優勝を決めた浦和戦後、涙が止まらない旗手を抱きしめる脇坂。一時の苦境を乗り越え、川崎が連覇を達成した。写真:金子拓弥(サッカーダイジェスト写真部)

 かつてバルセロナのカンテラ監督経験者に、伝統的に息づく勝負強さの要因について尋ねたことがある。彼はそれを「勝者のメンタリティ」という表現で答えた。ある育成年代でのトーナメントでドルトムントと引き分け、規定では次のラウンド進出は抽選で決めることになっていたそうだ。ところが納得のいかない選手たちは大会役員に直談判をして、翌朝一番で再戦を実現させ快勝した。絶対に負けを享受せず、どんな時でもとことん勝ち切ろうとする。バルサのカンテラの選手たちには、そういうマインドが染みついているという話を思い出し、東京五輪で4位に終わった時の久保建英の号泣も腑に落ちた。
 
 バルサのシャツを着たら負けてはいけない。それは大人が説いたものではない。歴史がプライドを育み、子どもたちの間にも自然に宿り意識は浸透して来た。逆に歴史のない日本の指導者たちは、苦境や理不尽を乗り越えさせることで植え付けようとしたが、効果があったとしても国内シーン限定だった。

 連覇を達成した川崎フロンターレの選手たちは、静かに歓びを噛みしめていた。もちろん土壇場で浦和レッズに追いつかれながら、2位の横浜F・マリノスが敗れたという展開も影響している。しかし今年副将を務めた脇坂泰斗をはじめ何人かの選手たちからは「ホッとした」という言葉が出ていた。一方実質2年目の旗手怜央は涙を流し、ルーキーシーズン後半を不可欠のアンカーとして闘い抜いた橘田健人は「まさか優勝を決める試合のスタメンでプレーしているとは思わなかった」と新鮮な驚きを表し、「こういうチームでプレー出来ているのは幸せです」と語った。

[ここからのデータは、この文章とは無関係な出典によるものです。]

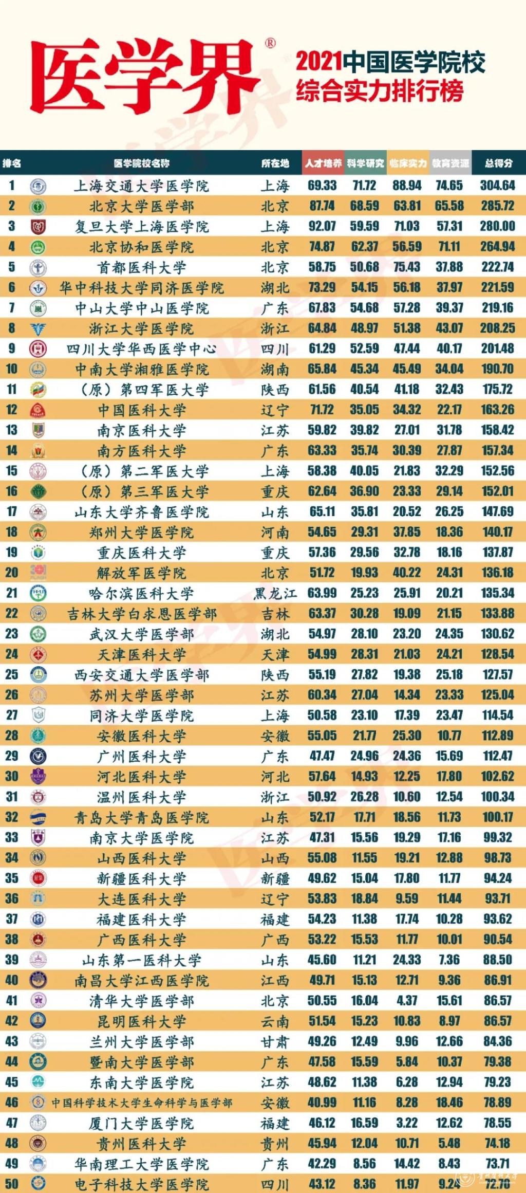 医学界2021中国医学院校综合实力排行榜,是从人才培养、科学研究、临床实力、教育资源四个维度对150多所中国医学院校(不含中医、药科大学与二级学院等)进行衡量,共涉及13个二级指标、49个三级指标。每个维度都采用极大值法进行计算,每个维度总分为100。

 副将を任されたとはいえ、まだ脇坂はJ1でプレーし始めて3年目だ。しかしクラブでユース時代を過ごし、特別強化指定時代も合わせれば川崎の在籍は8年間になる。鬼木達体制での4度の優勝を内部で体感し、頂点にかすりながら届かない時代も見て来た。歓喜より安堵が先立つのは、やはり「勝者のメンタリティ」が宿り、戴冠することが重大な責務だと感じていた証だろう。

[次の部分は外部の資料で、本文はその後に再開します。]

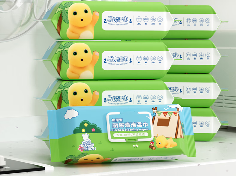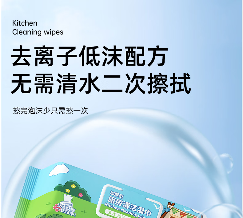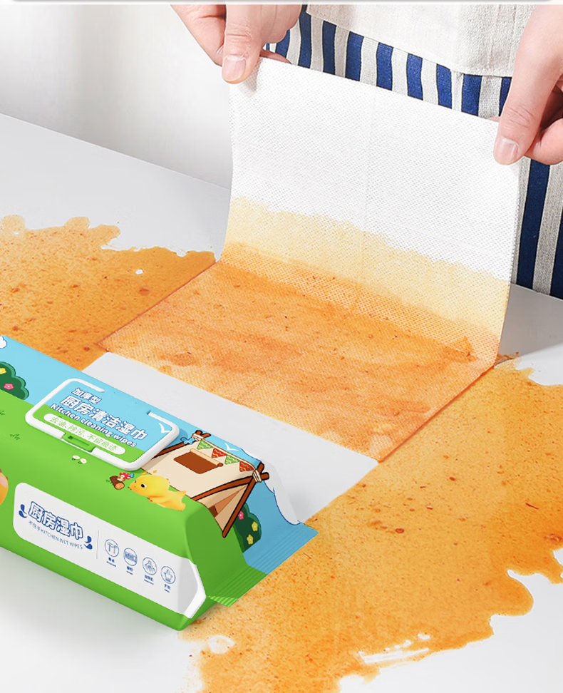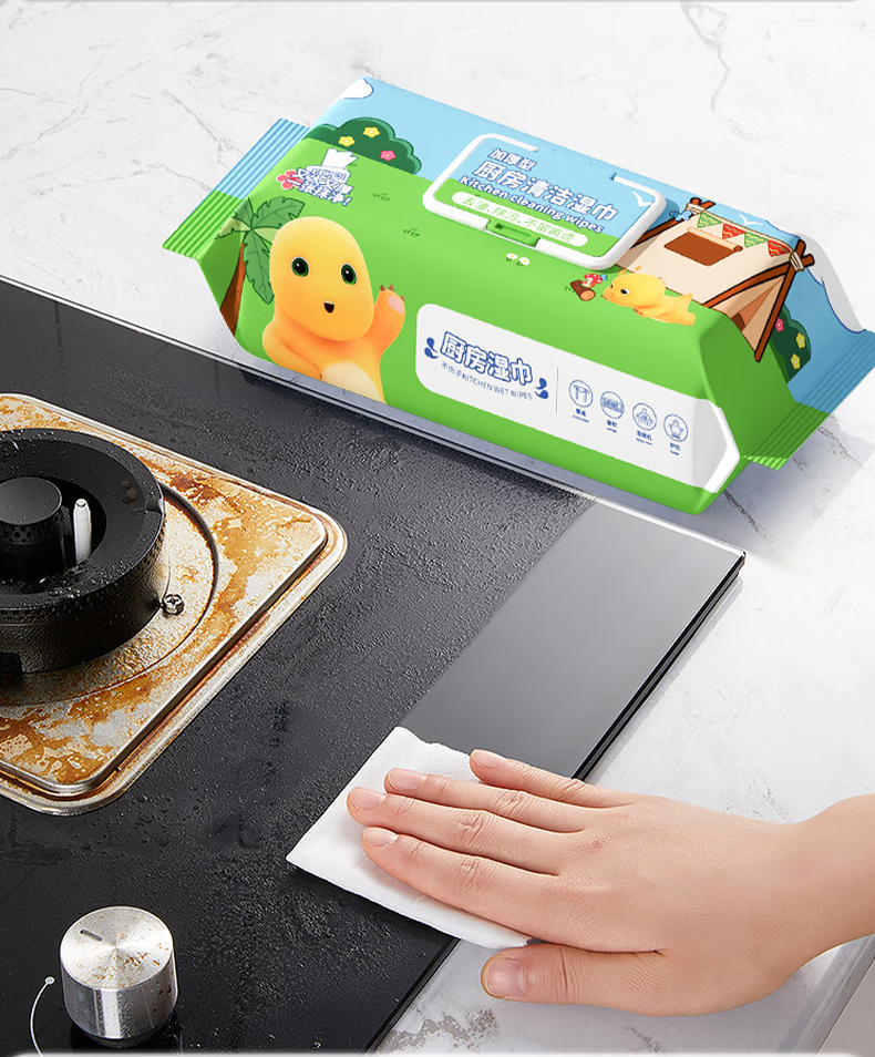 Milkon kitchen wipes, powerful degreasing special kitchen cleaning oil wipes, enlarged and thickened, family pack, 1 layer, 60 pumps*1 pack, trial pack

 川崎の強さを支えているのは、こうした在籍選手たちのメンタルのバランスなのかもしれない。大ベテランの域に入ったチョン・ソンリョンや家長昭博を筆頭に、伝統を築き上げて来た中堅以上の選手たちは「川崎は負けてはいけない」という姿勢を率先して示す。逆にそれを見て若い選手たちも、ここでポジションを獲得する厳しさと基準を知り、必死に突き上げる。そして新しい選手たちはもちろん、ベテランまでもが川崎へ来ると上達していく流れを見て、誰もが憧れを抱くようになる。逆にこうした黄金のサイクルが出来てしまえば、クラブもフィットしそうな選手を獲得し易くなるわけだ。